Sometimes, Cooper gets in on the retrieving game with Cody. Only, Cooper doesn’t play right. We’ll throw the ball, and Cody will tear off after it, Cooper jogging behind him (jogging is about as fast as Cooper gets…). After Cody gets the ball, Cooper seems to think that the game turns into a defensive game, wherein Cooper tries to prevent Cody from getting back to us with the ball. Cody is a simple, SIMPLE boy. (But sweet, very, VERY sweet.) He loves his brudder, he loves his ball, he loves his people. That pretty much sums up his knowledge. (Frankly, if one has to have a limited body of knowledge, that’s a pretty good set. We should all be so lucky.) And when Cooper just DOESN’T PLAY RIGHT, the expression of confusion and heartbreak on Cody’s face is hilarious. Cody is unfamiliar with the “frustration” emotion. He knows he loves his brudder, and he loves the ball (which he has), and his brudder is JUST. NOT. DOING. IT. RIGHT. It’s hilarious. And sad.

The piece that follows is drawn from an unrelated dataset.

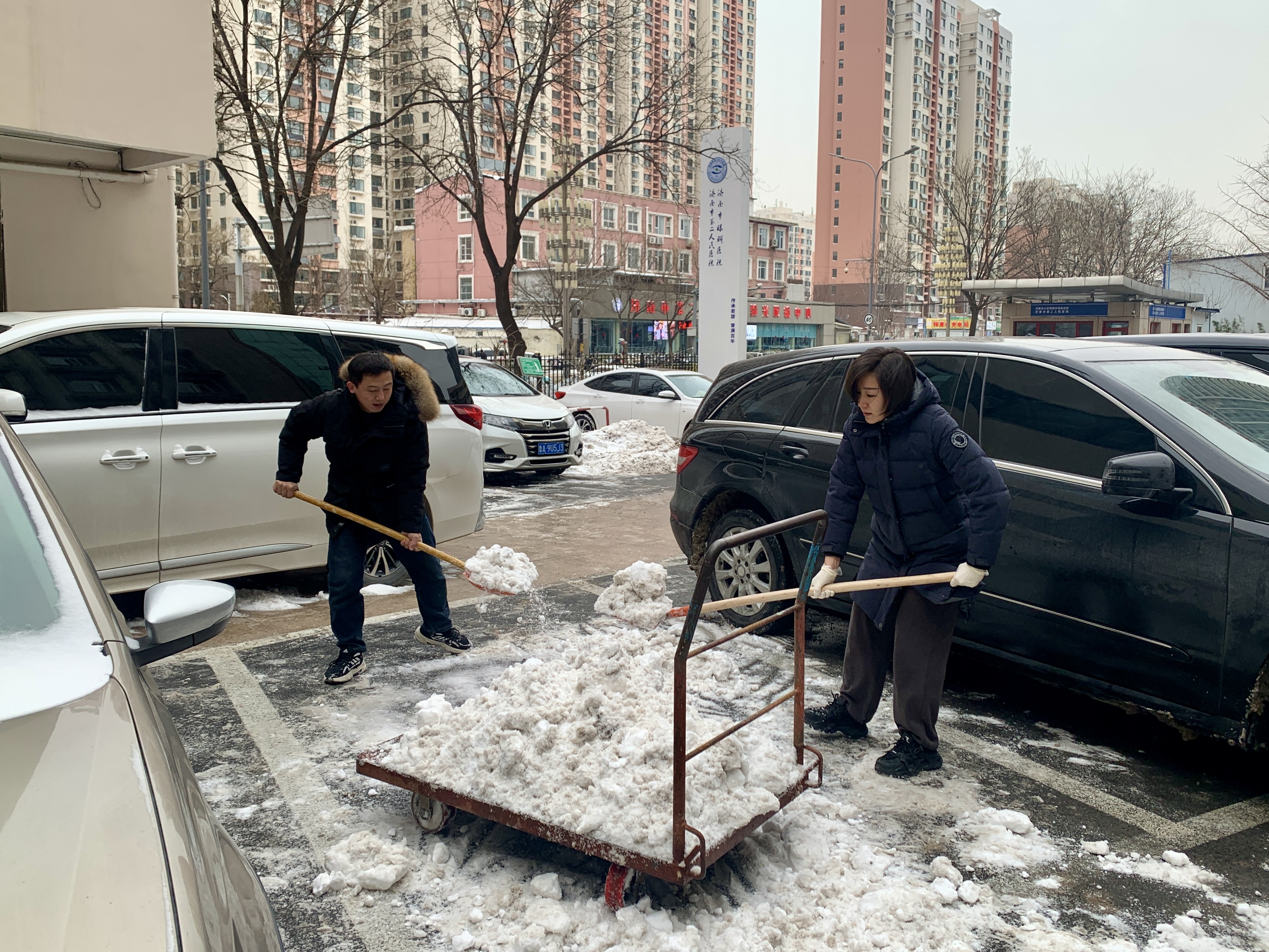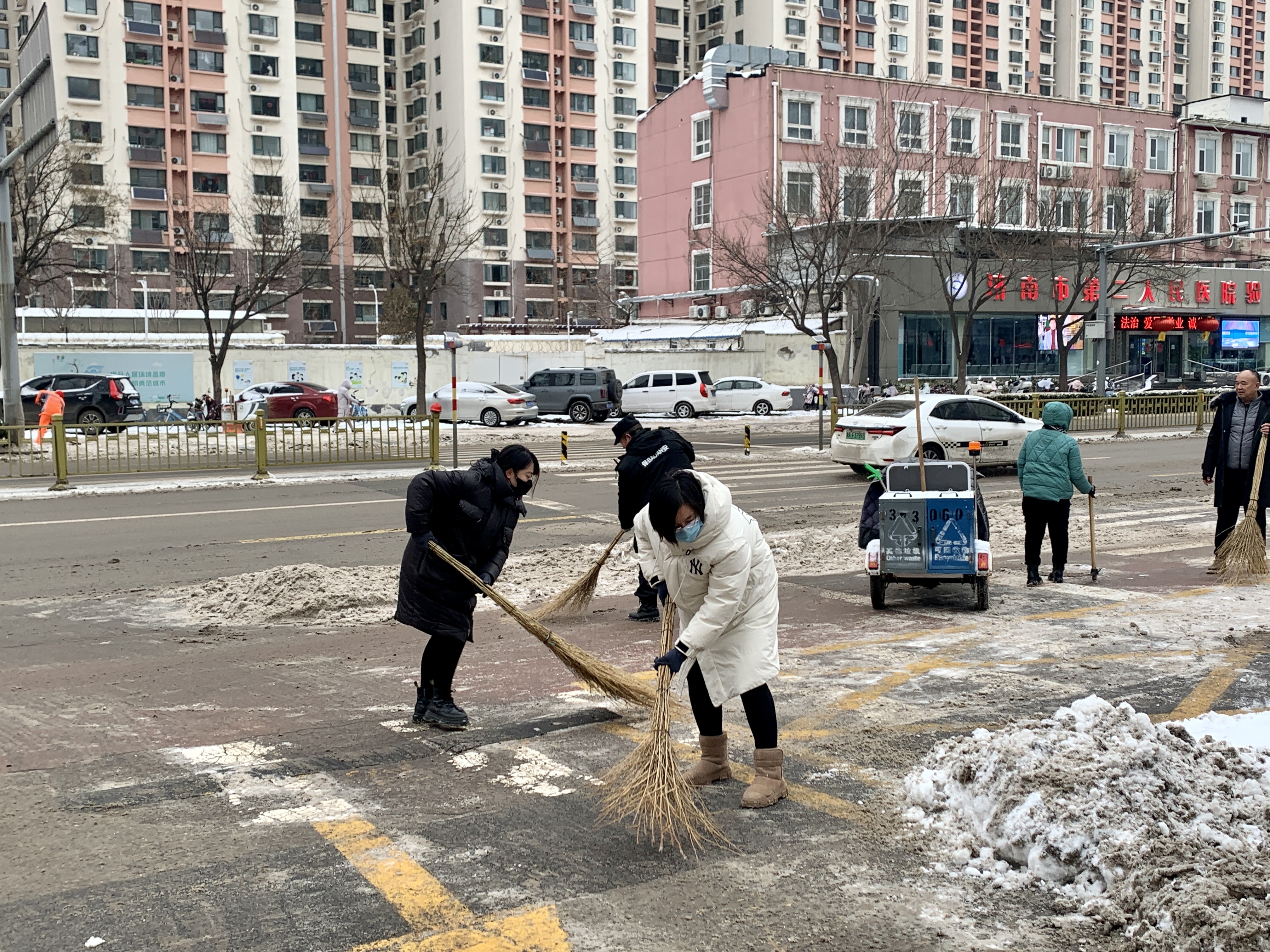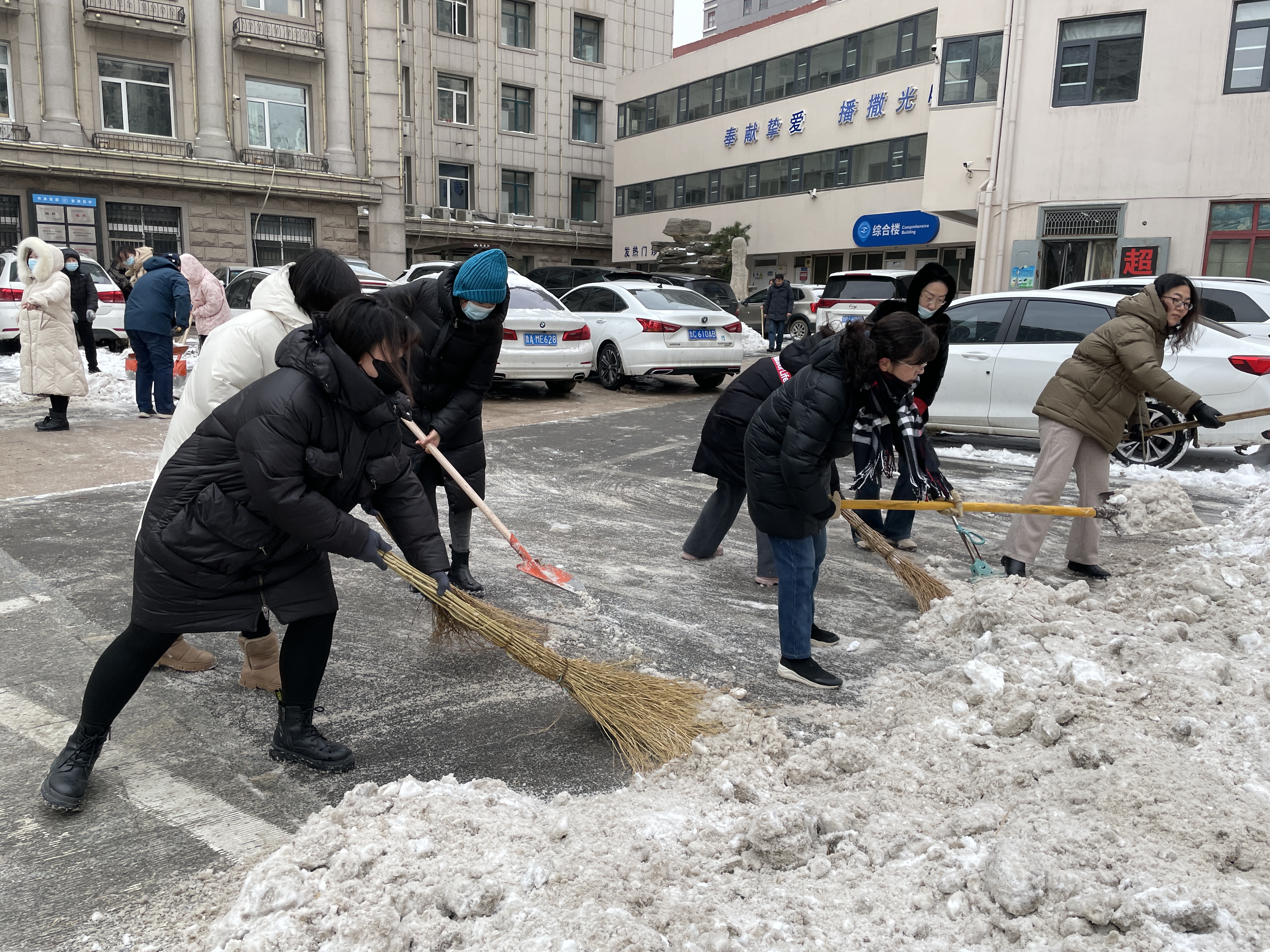 大家齐心协力清扫积雪

Longest aside ever. Anyway, Cooper doesn’t “do” retrieving.
So tonight, he placed the dragon in my hands, looked at me like, “THROW IT, WOMAN.”, so I did. And Cooper jogged after it.
AND BROUGHT IT BACK TO ME! RIGHT BACK TO ME! No interim distractions, no stopping to squeak on the dragon on his dog bed for ten minutes before bringing it back to me, he saw the item thrown, he chased it down, and BROUGHT IT BACK TO ME.
It only took seven years. I’m a proud Labrador person tonight, people.